Discussion in 'Options' started by trading4fastprofits, Mar 2, 2018.
can you explain what these mean: last, change, volume and op int
As long as theirs a bid and ask for it you can buy it or sell it. ( meaning someone’s willing to make the trade)
Options are contracts, volume is how many contracts changed hands, and open interest is how many contracts are out there.
Just be weary with 0 volume and 0 open interest as if you buy it, it’s going to be hard to sell because no one is interested in that contract. It will most likely have a very wide bid/ask.

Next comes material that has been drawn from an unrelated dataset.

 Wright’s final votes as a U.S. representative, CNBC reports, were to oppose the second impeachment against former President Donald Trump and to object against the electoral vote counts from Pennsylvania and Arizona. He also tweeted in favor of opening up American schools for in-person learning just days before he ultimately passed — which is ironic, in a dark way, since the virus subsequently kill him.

wait you said i can still buy and sell it if its 0 and then you said it going to be hard to sell because no ones interested. if no ones interested how can i sell it? do i need high volume and open interests?

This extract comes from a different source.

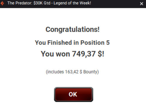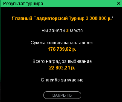 Всем привет, ударные вышли выходные. Играл в основном на покердоме и очень удачно! Вышло плюсануть 300 000 рублей за 2 дня(Забыл заскринить предфиналку в турнире хайроллеров по 15к рублей, в нем еще +50к), так что очень доволен :) Договорился с ПД и в субботу призовой во фриролле будет в 2 раза больше, а именно 10 000 рублей! Так что все жду, анонс напишу ближе к субботе. Неделя получилась очень продуктивная, дальше больше! По марафону тоже все идет отлично, хоть эта неделя была очень сложная, удалось отмазаться и БР на текущий момент 2400$/€ Боюсь сглазить, но этот месяц прям очень удачный, в МТТ по марафону +2к, +4к$ на ПД в этом месяце натащил за турниров 20, по турнирам вне марафона +1500$. Еще доход со стрима, в общем больше десятки в этом месяце уже заработали. Удачно я вернулся в покер. Надеюсь дальше будет только лучше :) Всем большое спасибо за поддержку, без вас этого ничего бы не было :) P.S. Очень сложно писать отчеты каждый день, совсем не хватает времени и сил. В конце месяца напишу полный отчет.
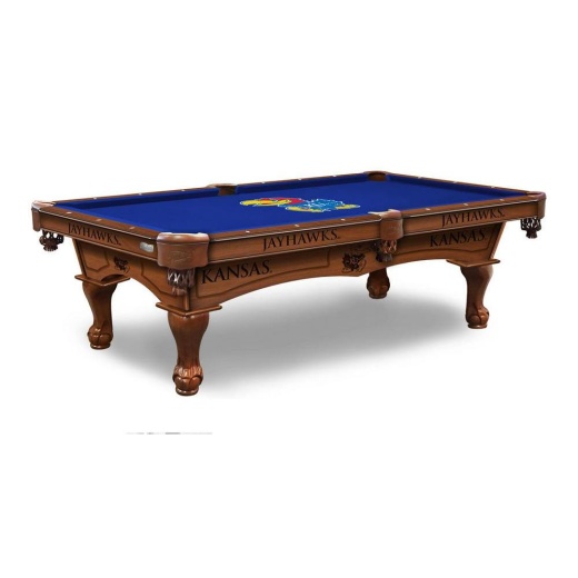 Nothing but the finest materials are used in these professional quality, Officially Licensed Kansas Jayhawks Logo Pool Tables from the Holland Bar Stool Co. The double-arch cabinet features beautiful CNC routing that accentuates the laser engraved logo art elements. Coordinating, embossed leather pockets with riveted nets match the look of the table and profile of the rail. The Diamond Pearl Sites are seamlessly inlaid into each of the rails for precision aim capabilities. The cabinet finish is second to none and incorporates a 14 step stain and lacquer process to ensure the high quality, furniture like finish you would expect from a table of this caliber. You choose from either of the two finishes, Chardonnay or Navajo. For the play surface, a 3 piece, diamond honed, 1 thick slate is utilized for sure and consistent ball play.Dont be fooled by professional cloth offered on other tables, this is the real deal! Hainsworth cloth is renown as one of the best pool cloths in the world. Finally, the table sits on your choice of legs. Choose from either the hand carved traditional Ball & Claw leg or the more contemporary, Taper leg. If you are in the market for a high quality, Officially Licensed Logo Pool Table, look no further than this one from the Holland Bar Stool Co.

You must be having a laugh.
ever hear of google search?
Options are created whenever a buyer and seller trade while both opening a new position.

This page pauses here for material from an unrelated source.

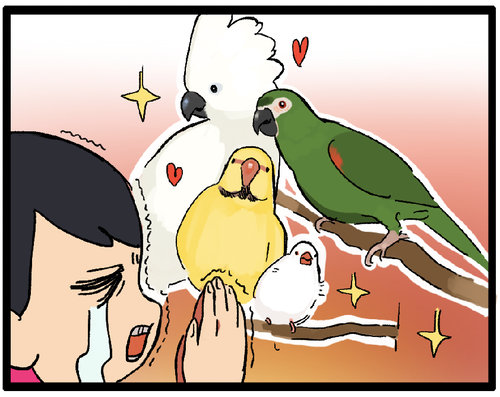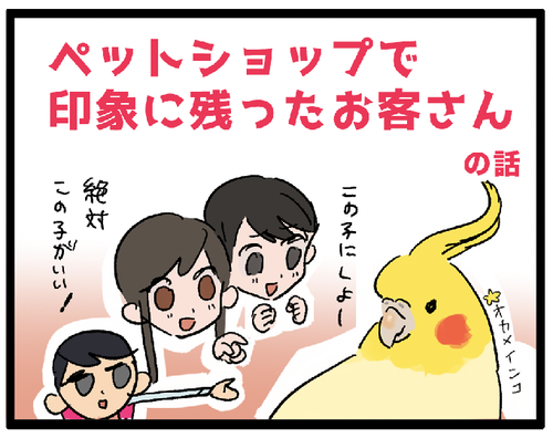 お客さんのハラハラするネーミングセンス ※ところどころフェイクを交えて描いていますお客さんが仲睦まじくてほっこりしました。それにしても焼き鳥……!?どうしてそれにした……!!お迎えされる鳥さんの名前を聞くのがひっそりとした楽しみですが、たまに、お客さんが「元々そう呼ばれてたなら聞き慣れた名前の ... 続きを読む 2021年03月20日

Options change hands whenever a buyer and seller trade a pre-existing option.
Options are destroyed whenever a buyer and seller trade while both closing a new position.
As a general rule, it's higher risk to trade in any "thinly traded" market. With an "open interest" of "0", that's the worst.
I'm not an options expert of any sort, but some say you don't want to mess with any option that has less that 100 contracts open interest. (Even that seems too low and "high liquidity risk" to me.)
You are trading4fastprofits and you asked this question?
Sorry I am saying this in jest. Welcome to ET and hope you hang around like me, another newbie, and learn to trade from expert coaching by the pros here.
Large OI options are highly efficient and often neither buyer nor seller has an advantage.
If you are small mom and pop retails like me, you don't want to trade with some professional who has high conviction taking the other side because that means you are likely on the wrong side. Thinly traded may offer better odds if you don't get kill by bid/ask.
Therefore you pick your poison if you are retail.